Wait a few seconds until Python interaction ready! is shown in the top.

After that follow the instructions in the Grasple Exercise.

On this webpage the heat equation

\[ \frac{\partial u}{\partial t}=a^2\frac{\partial ^2u}{\partial x^2} \]

for \(x\in (0,L),\ t>0\) is considered, where \(a^2\) is is the thermal conductivity of a bar.

The initial and boundary conditions are

\[\begin{split} \begin{align*} u(x,0) &= f(x), \\ u(0,t) &= \phi(t), \\ u(L,t) &= \eta. \end{align*} \end{split}\]

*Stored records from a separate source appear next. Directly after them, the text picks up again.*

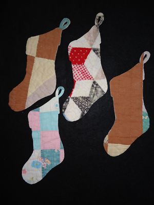 Title (ebay affiliate link): 4 PRIMITIVE ANTIQUE LARGE CUTTER QUILT CHRISTMAS SANTA STOCKINGS - 10"
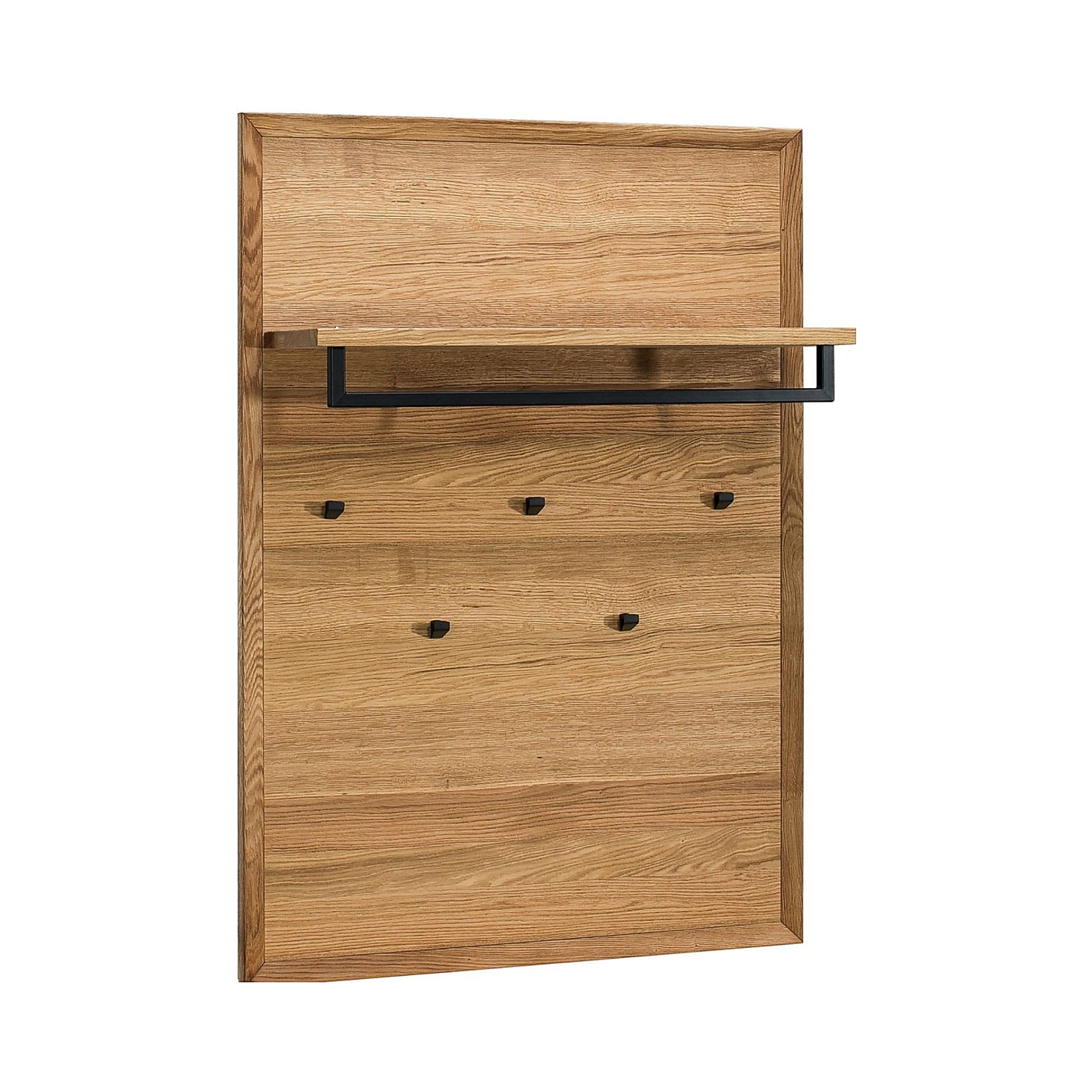 Panel z półkami Vigo to doskonały wybór dla tych, którzy cenią sobie połączenie praktyczności z estetyką. Jest to idealne rozwiązanie do organizacji przestrzeni w przedpokoju, gdzie pozwoli na utrzymanie porządku i łatwy dostęp do najpotrzebniejszych rzeczy. Półka dębowa może służyć do odłożenia kluczy, portfela czy innych drobiazgów, natomiast haczyki do powieszenia kurtek, szali czy toreb. Naturalna okleina z forniru dąb natura oraz staranne wykończenie powierzchni sprawiają, że panel jest nie tylko funkcjonalny, ale także stanowi piękny element dekoracyjny. Bez względu na to, czy zostanie umieszczony samodzielnie, czy w towarzystwie innych mebli z kolekcji Vigo, z pewnością wzbogaci aranżację, tworząc spójne i harmonijne otoczenie.
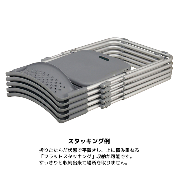 折りたたんだ状態で平置きし、上に積み重ねる「フラットスタッキング」収納が可能です。すっきりと収納出来て場所を取りません。
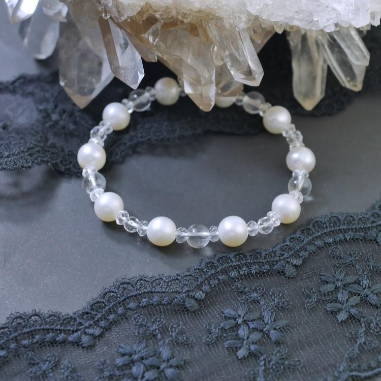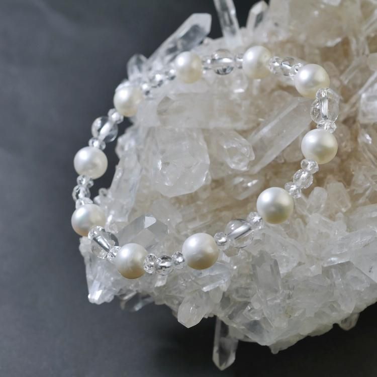水晶がさわやかさを演出しながら、淡水パールのエネルギーを拡大してくれています。
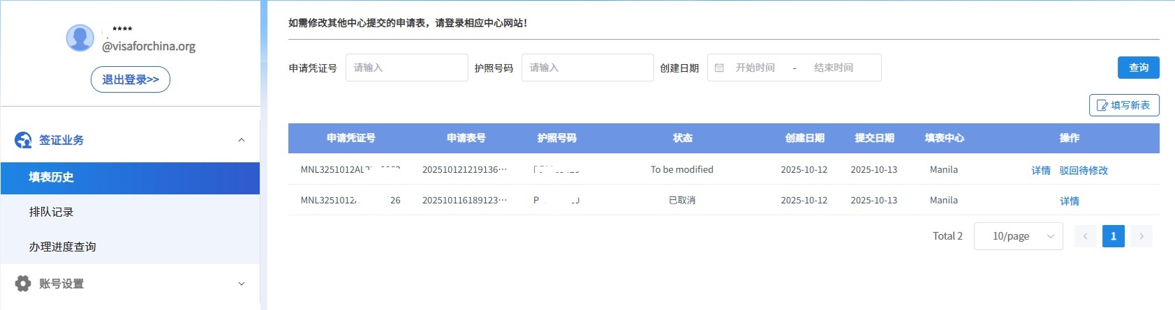 1)使用同一账号登录除马尼拉中心外的其他签证中心网站,例如新加坡中国签证申请服务中心;
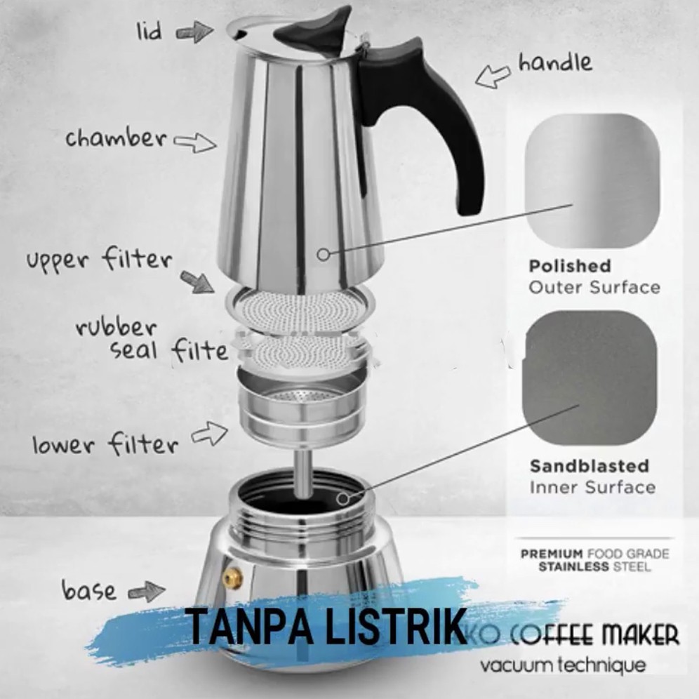 OneTwoCups Espresso Coffee Maker Moka Pot Teko Seduh Stovetop Filter Z20 - Z21
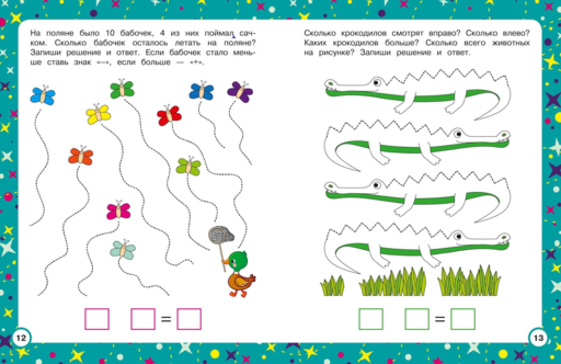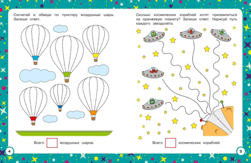 Занимаясь, ребёнок будет обводить по пунктиру, считать, писать цифры, сравнивать предметы по количеству и соотносить количество с числом, решать простые задачи на сложение и вычитание.
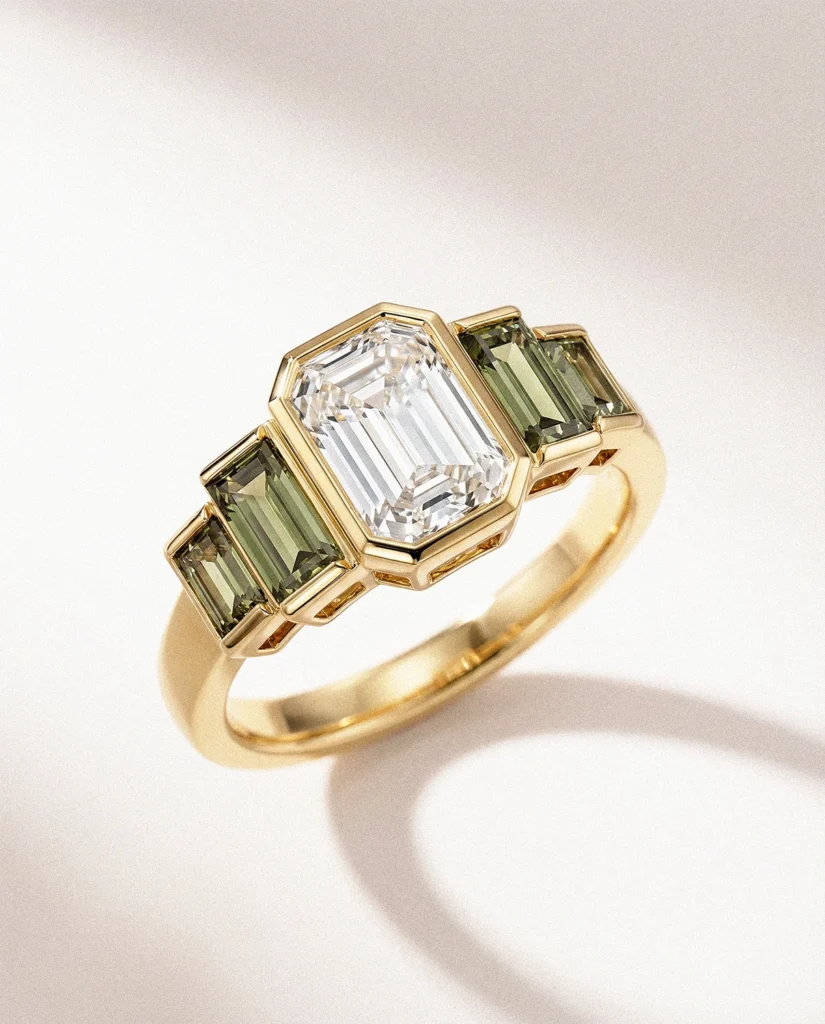 A yellow-gold shank holds a 1-carat baguette step-cut diamond in a smooth bezel, framed by four green baguette sapphires. Their balanced symmetry adds a soft touch of colour and a sense of calm precision. Classic elegance shaped with an Art Deco spirit.

This webpage constructs a (truncated) Fourier series of the exact solution \(u(x,t)\) of this problem using sympy, and then uses numpy and pyplot to display the obtained exact values.

The next cell imports a function that performs this.

import micropip
await micropip.install("ipympl")
import matplotlib
if not hasattr(matplotlib.rcParams, '_get'):
    matplotlib.rcParams._get = matplotlib.rcParams.get
%matplotlib widget
import sympy as sp
t,x = sp.symbols('t,x')
import numpy as np
import matplotlib.pyplot as plt
import matplotlib.cm as cm
from IPython.display import Markdown, clear_output, HTML
from mpl_toolkits.mplot3d import Axes3D
import matplotlib.animation as animation
# import warnings
# warnings.filterwarnings('ignore',message='overflow encountered in exp')
# warnings.filterwarnings('ignore',message='overflow encountered in multiply')
# warnings.filterwarnings('ignore',message='invalid value encountered in multiply')
    
def Heat_equation(a,phi,eta,f,t_end,L,t,x):

    anew = a/L
    
    display(Markdown('# The animation is being rendered, please be patient.'))

    # symbols, functions and accuracy initialisation
    n = sp.symbols('n')
    g = sp.Function('g')(x)
    h = sp.Function('h')(x,t)
    v = sp.Function('v')(x)
    V = sp.Function('V')(x,t)
    N = 10

    # find function V that satisfies nonhomogeneous time-dependent BC's
    ode_v = sp.diff(v,x,x)
    sol = sp.dsolve(ode_v)
    constants = sp.solve([sol.rhs.subs(x,0)-phi,sol.rhs.subs(x,1)-eta],sp.symbols('C1 C2'))
    V = sol.rhs.subs(constants)

    # define new initial condition and right hand side
    g = f-V.subs(t,0)
    h = -V.diff(t)+anew**2*V.diff(x).diff(x)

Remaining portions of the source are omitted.